Владелец стоял у огромного верстака в центре комнаты. Его силуэт казался вырезанным из серой бумаги на фоне окна, забранного толстым рифленым стеклом. Свет падал сверху, деля его лицо пополам: одна половина была залита холодным золотом осеннего утра, вторая утопала в тени, где лишь пульсировали те самые янтарные глаза.
— Ты знала, что пружина Арлекина сделана из рессор кареты, которая сбила первого возлюбленного Мари? — Антон провел рукой над разложенными инструментами. На зеленом сукне лежали тончайшие щупы, иглы для настройки граммофонов и хирургические пилы. — А фарфор Коломбины замешан на пепле писем Елизаветы. Штейнер был гениальным механиком, но посредственным поэтом. Ему нужны были настоящие эмоции, чтобы смазывать шестеренки. Живая боль работала лучше любого графита.
Лия подошла ближе. Её шаги тонули в густом ворсе ковра. Она смотрела не на инструменты пыток, а на руки Антона. Они дрожали. Мелко, почти незаметно, но она чувствовала эту вибрацию всем телом. События генеральной репетиции, описанные ею в тетради, изменили не только материю сцены. Они изменили владельца.
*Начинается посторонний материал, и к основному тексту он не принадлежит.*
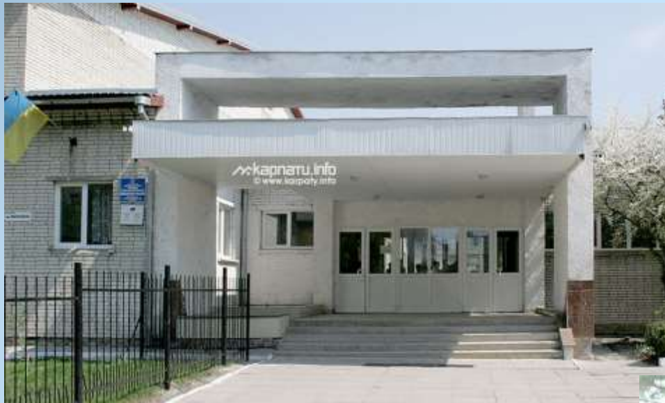
М. Львів, єдиний у світі музей Квітки Цісик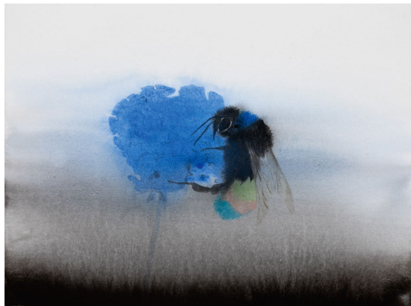
ENZSÖLY KINGA Generációváltás?, 2019, 24×32 cm, tus, akvarell, papír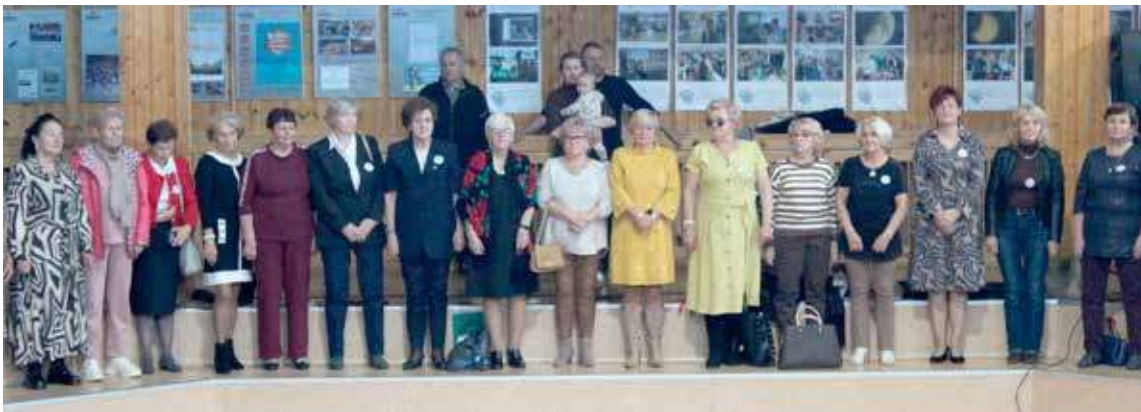
W trakcie inauguracji 14. roku działalności nowogardzkiego UTW gościnnie studentom udzieliło forum II LO

— Зачем ты привел меня сюда? — спросила она тихо. — Чтобы показать мне скелеты в его шкафу? Я читала дневники, Антон. Я знаю, чем он смазывал свои машины.
Антон медленно повернулся. Тень скрывала верхнюю часть его лица, оставляя видимым только рот и тяжелый, волевой подбородок.
— Я привел тебя сюда, потому что мы всё делали неправильно, Лия. Мы пытались лечить чуму примочками. Ты давала куклам голос, пытаясь перекричать механизмы. А театр никогда не был механизмом. Механизм можно разобрать. Театр — это живой организм. У него есть иммунная система. Кровь. Память.
Он обошел верстак и остановился прямо перед ней. От него пахло тревогой — тем самым металлическим запахом, который появляется в воздухе перед ударом молнии.
— Чему ты хочешь научиться? — спросил он. — Как заставить Коломбину взлететь? Как написать ремарку, при которой стены станут прозрачными? Этому ты уже научилась сама. Когда ты описывала температуру пера, твоя левая рука посинела от холода. Ты переписываешь законы термодинамики запятыми. Это грубая сила. Демиургическая власть. Круг боится именно этого. Но они боятся не того, чего нужно.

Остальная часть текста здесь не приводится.